_Work order:_ Return the lines of the data below, from the one containing "-DDC本身也是网关,支持采" through the very last, exactly and with both ends included; no pictures.

_Input for this task:_
__________________________________________________

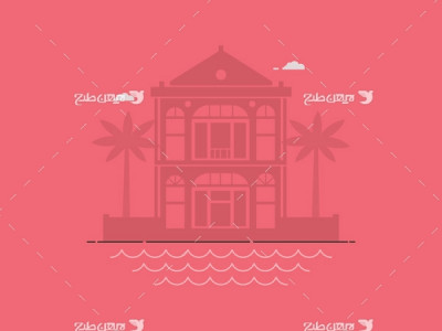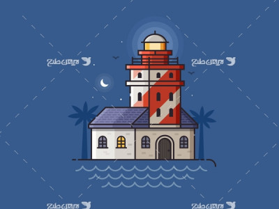 وکتور گرافیکی دریا، فانوس، خانه و نخل
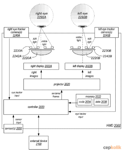 Bugün ortaya çıkan patent ise “Göz İzleme Sistemi” olarak adlandırılıyor ve “bir kullanıcının gözlerinin kafaya monte edilen bir ekranda hareketini ve konumunu algılar” şeklinde patentte teknoloji anlatılıyordu. NIR ışık ve sıcak aynaların yanı sıra kullanıcının yüzünün her tarafındaki göz izleme kameraları (bunlar NIR veya yakın kızıl ötesi kameralar) kullanılıyor.
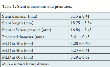 Statistical analysis. All values are given as mean ± standard deviation unless otherwise indicated. Comparison between stent diameters was made using a paired t-test or repeated measures one-way ANOVA when three or more groups were compared, in which case the Bonferroni correction was performed. All sample values conformed to a Gaussian distribution, as assessed by a Kolgmogorov-Smirnov test. P<.05 was considered significant. Prism version 5 (GraphPad Software, Inc) was used for all analyses.
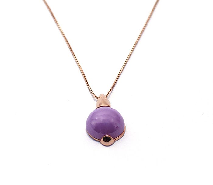 Colier argint rodiat 925 placat cu rodiu roz, design italian, cu pandant din quartz mov 1. 4 cm , (reduce stressul si frica). Greutate 9.5g , lungime 41 cm
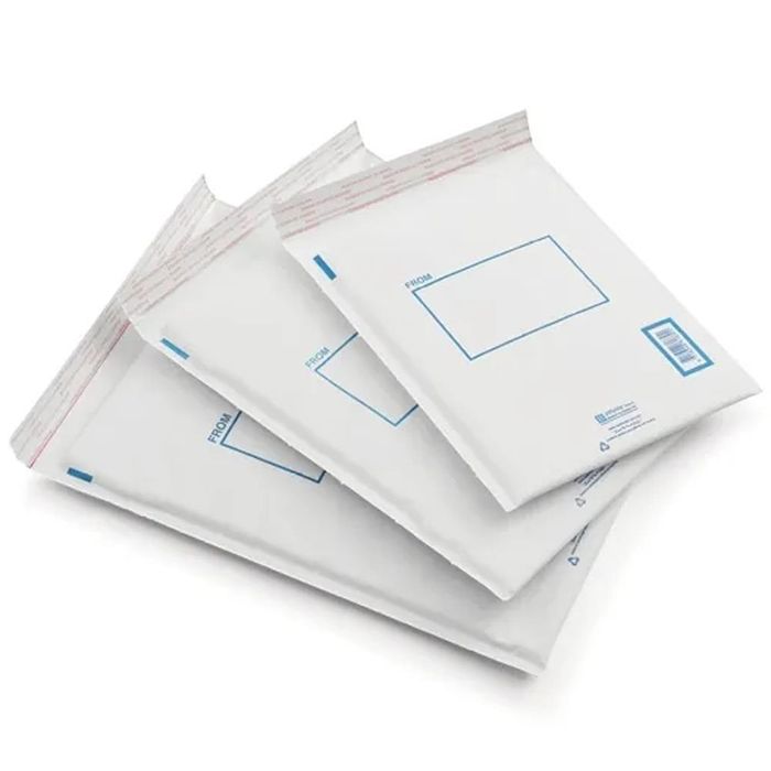 Jiffy Lite Bags No. 00 are lightweight bubble-cushioned mailers with a white kraft paper exterior, designed to provide both rigidity and cushioning for products that require enhanced protection during transit.
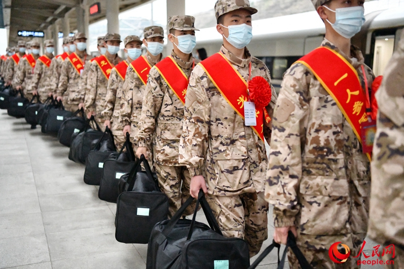 在貴州省銅仁高鐵南站,整齊劃一的星空迷彩,組合成了一道靚麗的風景線。起運新兵身著嶄新的戎裝,肩披綬帶、胸戴紅花,身姿挺拔、精神昂揚。
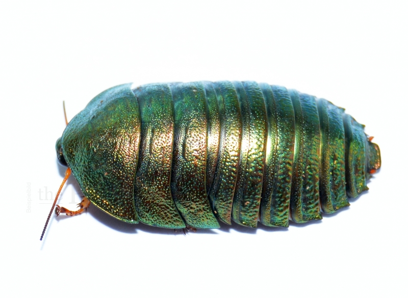 Pseudoglomeris magnifica oder auch Smaragdschabe ist eine grün schimmernde wunderschöne Schabenart aus Vietnam, die es auch noch nicht allzu häufig im Hobby gibt. Es handelt sich im Zierschaben, die in einem schön eingerichteten Terrarium richtig etwas hermachen. Frisch gehäutete Tiere haben eine rote Färbung. Kleine Nymphen brauchen etwa 6-9 Monate zur Geschlechtsreife und nach der Verpaarung kann es 4-6 Monate dauern bis das Weibchen Junge bekommt. Diese bleiben bis zur ersten Häutung an der Unterseite des Weibchens. Eine Aufzucht von Tieren in unterschiedlichen Größen ist absolut kein Problem.
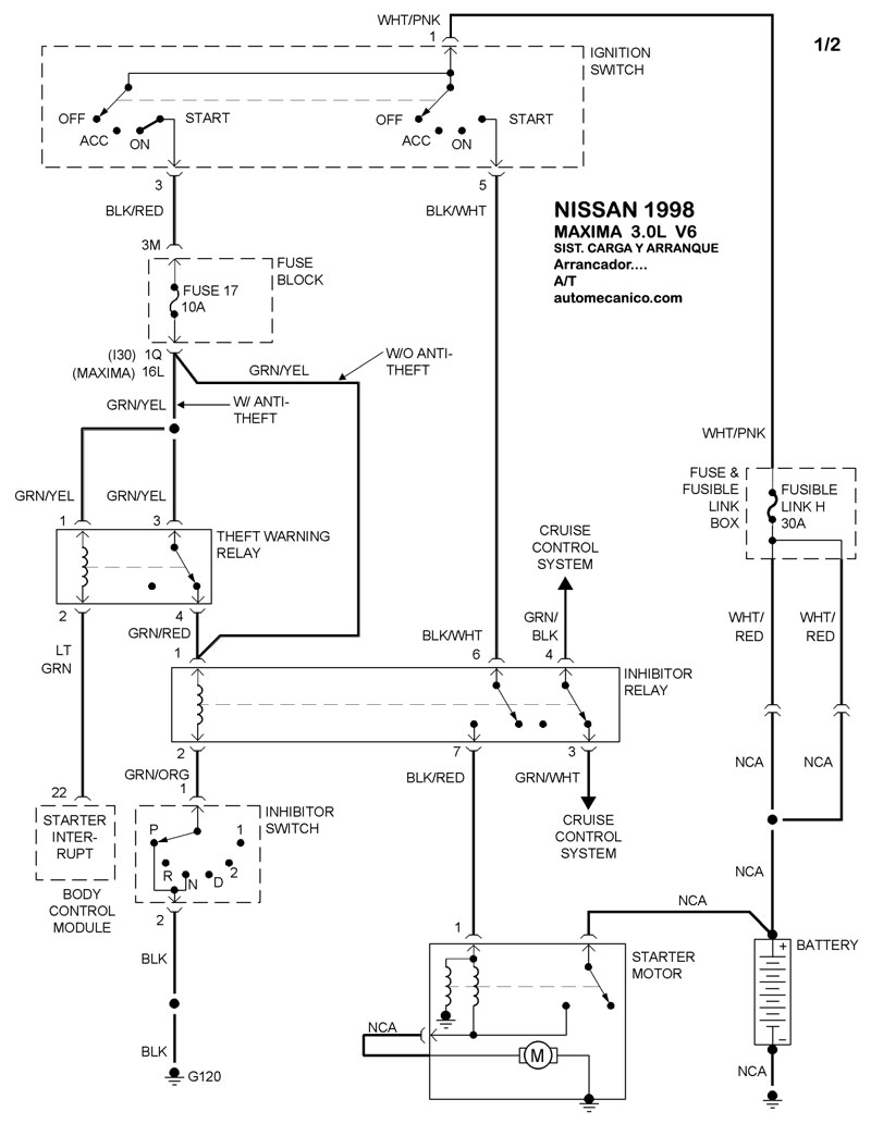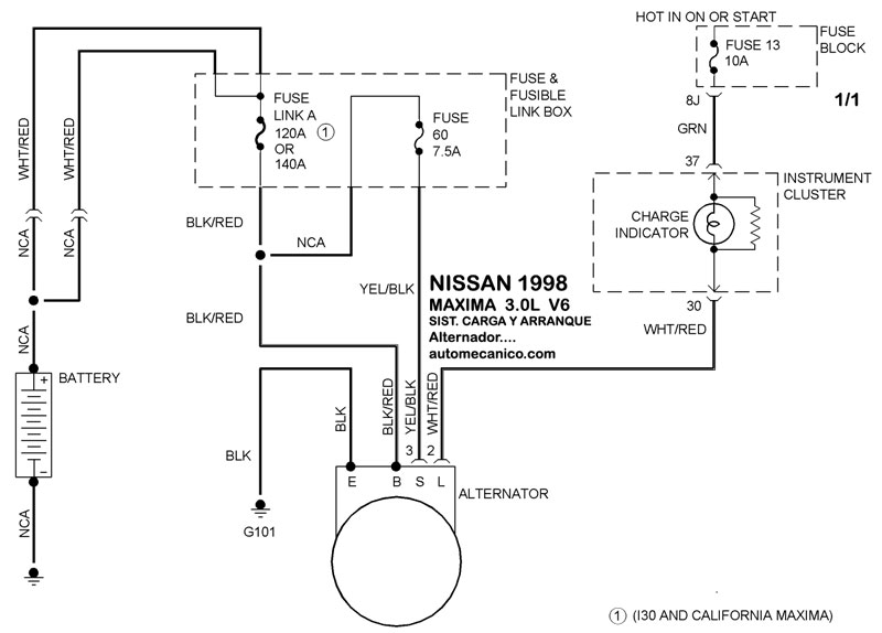 | 1998 | MAXIMA - 3.0L V6 CIL. | SIST. DE CARGA | SIST. DE ARRANQUE T/A |
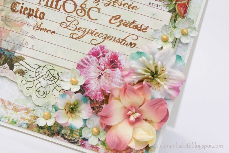 W roli głównej cudny papier firmy Annalee, w piękne, delikatne wzory pasków i róż. Do tego trochę kwiatów i perełek, od których trochę się uzależniłam:D. No i jeszcze rub-onsy, które użyłam pierwszy raz - też przypadły mi do gustu:).
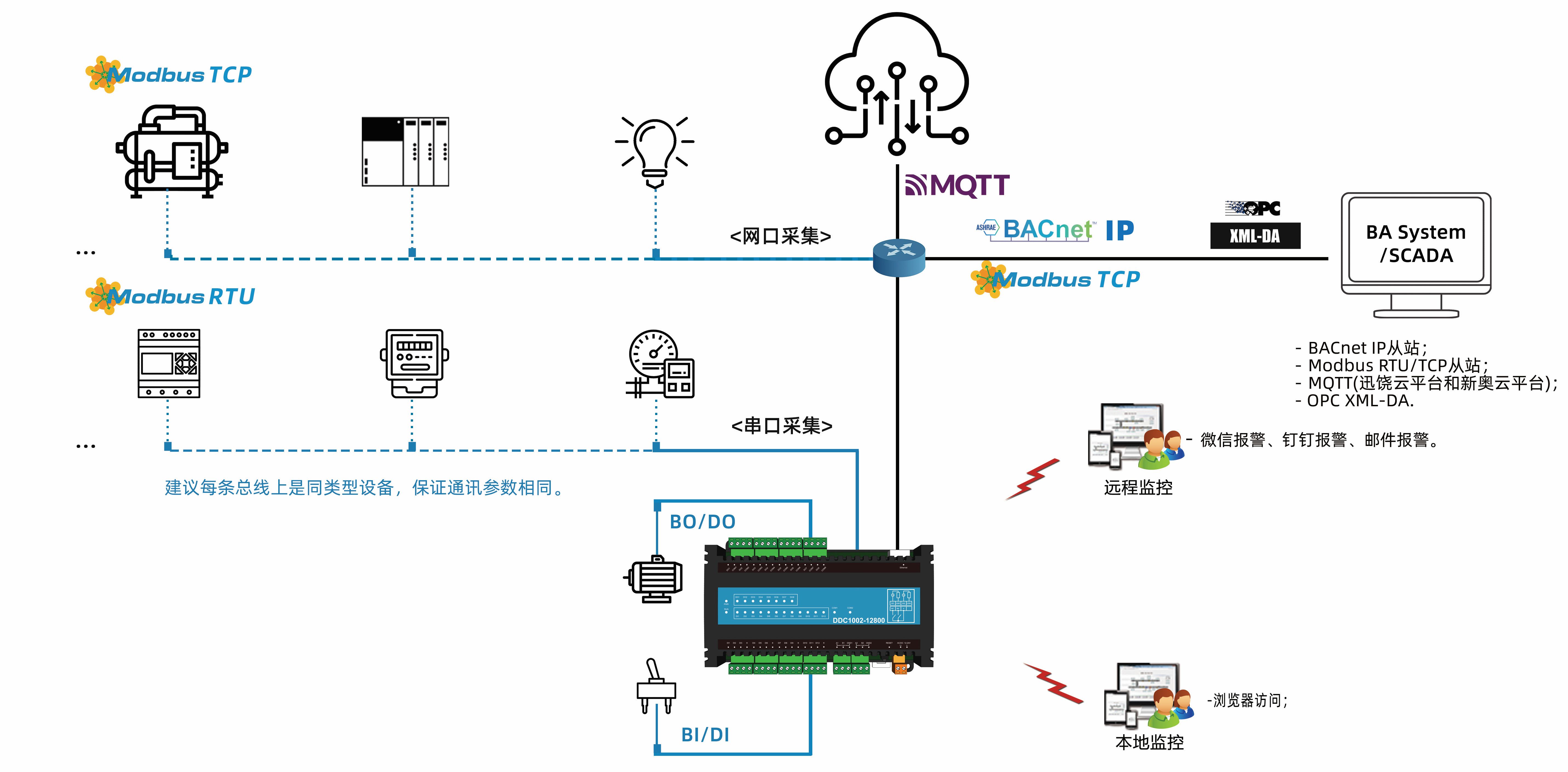 -DDC本身也是网关,支持采集Modbus、BACnet IP、Simulator,方便扩展;
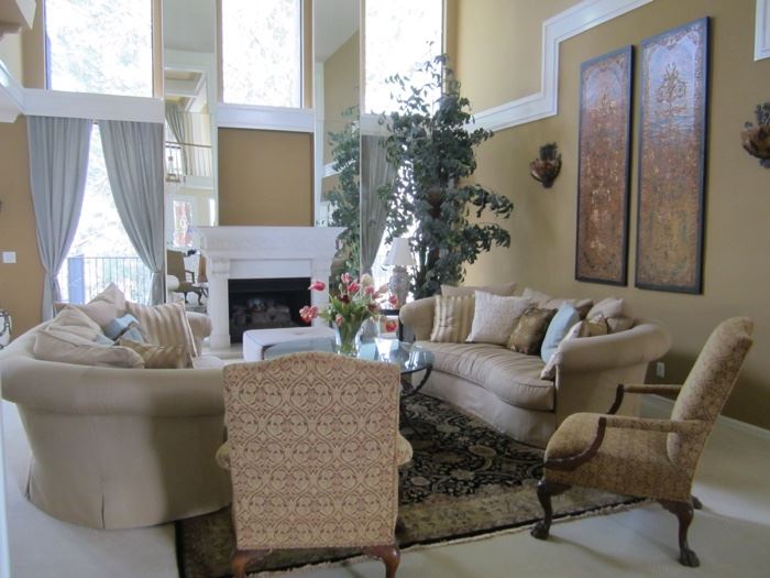 THIS LARGE NELLIE GAIL ESTATE HAS IT ALL! FURNITURE INCLUDES: HENREDON MATCHING LINEN SOFAS. CENTURY MATCHING ELEGANT WOOD & UPHOLSTERED ARMCHAIRS. BAKER GENUINE LEATHER CORNER SECTIONAL SET. ETHAN ALLEN DINING SET, SERVER & CORNER CABINET, LARGE UPHOLSTERED OTTOMAN, UPHOLSTERED ARMCHAIR. POTTERY BARN FARMHOUSE TABLE, 6 CHAIRS & BENCH. LARGE ROUND GLASS TOP COFFEE TABLE. NAUTICA BEDROOM FURNITURE (DRESSER, CHEST, NIGHTSTANDS, 4 POSTER BED, WARDROBE). RATTAN TABLES, ARMCHAIR & OTTOMAN, ROCKER. LOW ENTERTAINMENT CABINET. JENNIFER CONVERTIBLE SOFA. DOUBLE RECLINER SET. CHROME DINER BAR STOOLS WITH RED VINYL UPHOLSTERY. WROUGHT IRON BAR STOOLS. VARIETY OF LIGHTING. LARGE ORNATE WALL PANELS. LARGE STAINED...
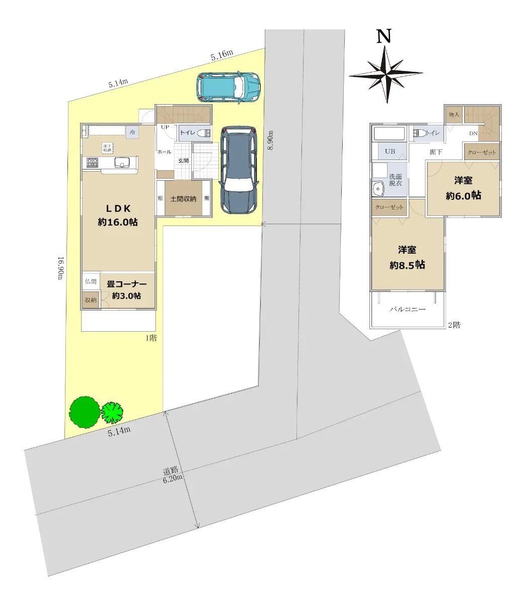 ・駐車スペース2台可(車種による)
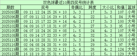 奇偶走势分析:上期开出奇偶比为4:2,上周四红球奇偶比3:3,最近十周四偶数红球略占优势,本期预计偶数红球再次走热,参考奇偶比2:4。
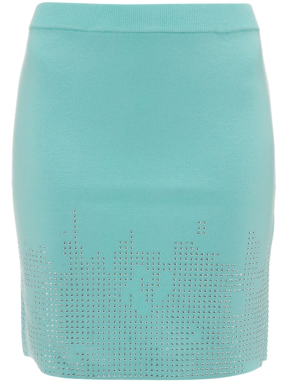 stud-detail knitted skirt Highlights - Turquoise blue-green - Merino wool - Knitted construction - Stud detailing - Elasticated waistband - Thigh-length Imported Composition Merino 100%
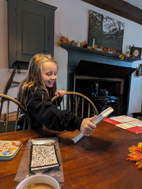 We picked Mia up Friday 11/10/23 just to spend the day with us. Sue thought she would enjoy hanging out and doing a couple of craft projects, and gave her the next book in the series that she enjoys, which is what she's looking at in the picture.

__________________________________________________

_Result for this task:_
 -DDC本身也是网关,支持采集Modbus、BACnet IP、Simulator,方便扩展;
 THIS LARGE NELLIE GAIL ESTATE HAS IT ALL! FURNITURE INCLUDES: HENREDON MATCHING LINEN SOFAS. CENTURY MATCHING ELEGANT WOOD & UPHOLSTERED ARMCHAIRS. BAKER GENUINE LEATHER CORNER SECTIONAL SET. ETHAN ALLEN DINING SET, SERVER & CORNER CABINET, LARGE UPHOLSTERED OTTOMAN, UPHOLSTERED ARMCHAIR. POTTERY BARN FARMHOUSE TABLE, 6 CHAIRS & BENCH. LARGE ROUND GLASS TOP COFFEE TABLE. NAUTICA BEDROOM FURNITURE (DRESSER, CHEST, NIGHTSTANDS, 4 POSTER BED, WARDROBE). RATTAN TABLES, ARMCHAIR & OTTOMAN, ROCKER. LOW ENTERTAINMENT CABINET. JENNIFER CONVERTIBLE SOFA. DOUBLE RECLINER SET. CHROME DINER BAR STOOLS WITH RED VINYL UPHOLSTERY. WROUGHT IRON BAR STOOLS. VARIETY OF LIGHTING. LARGE ORNATE WALL PANELS. LARGE STAINED...
 ・駐車スペース2台可(車種による)
 奇偶走势分析:上期开出奇偶比为4:2,上周四红球奇偶比3:3,最近十周四偶数红球略占优势,本期预计偶数红球再次走热,参考奇偶比2:4。
 stud-detail knitted skirt Highlights - Turquoise blue-green - Merino wool - Knitted construction - Stud detailing - Elasticated waistband - Thigh-length Imported Composition Merino 100%
 We picked Mia up Friday 11/10/23 just to spend the day with us. Sue thought she would enjoy hanging out and doing a couple of craft projects, and gave her the next book in the series that she enjoys, which is what she's looking at in the picture.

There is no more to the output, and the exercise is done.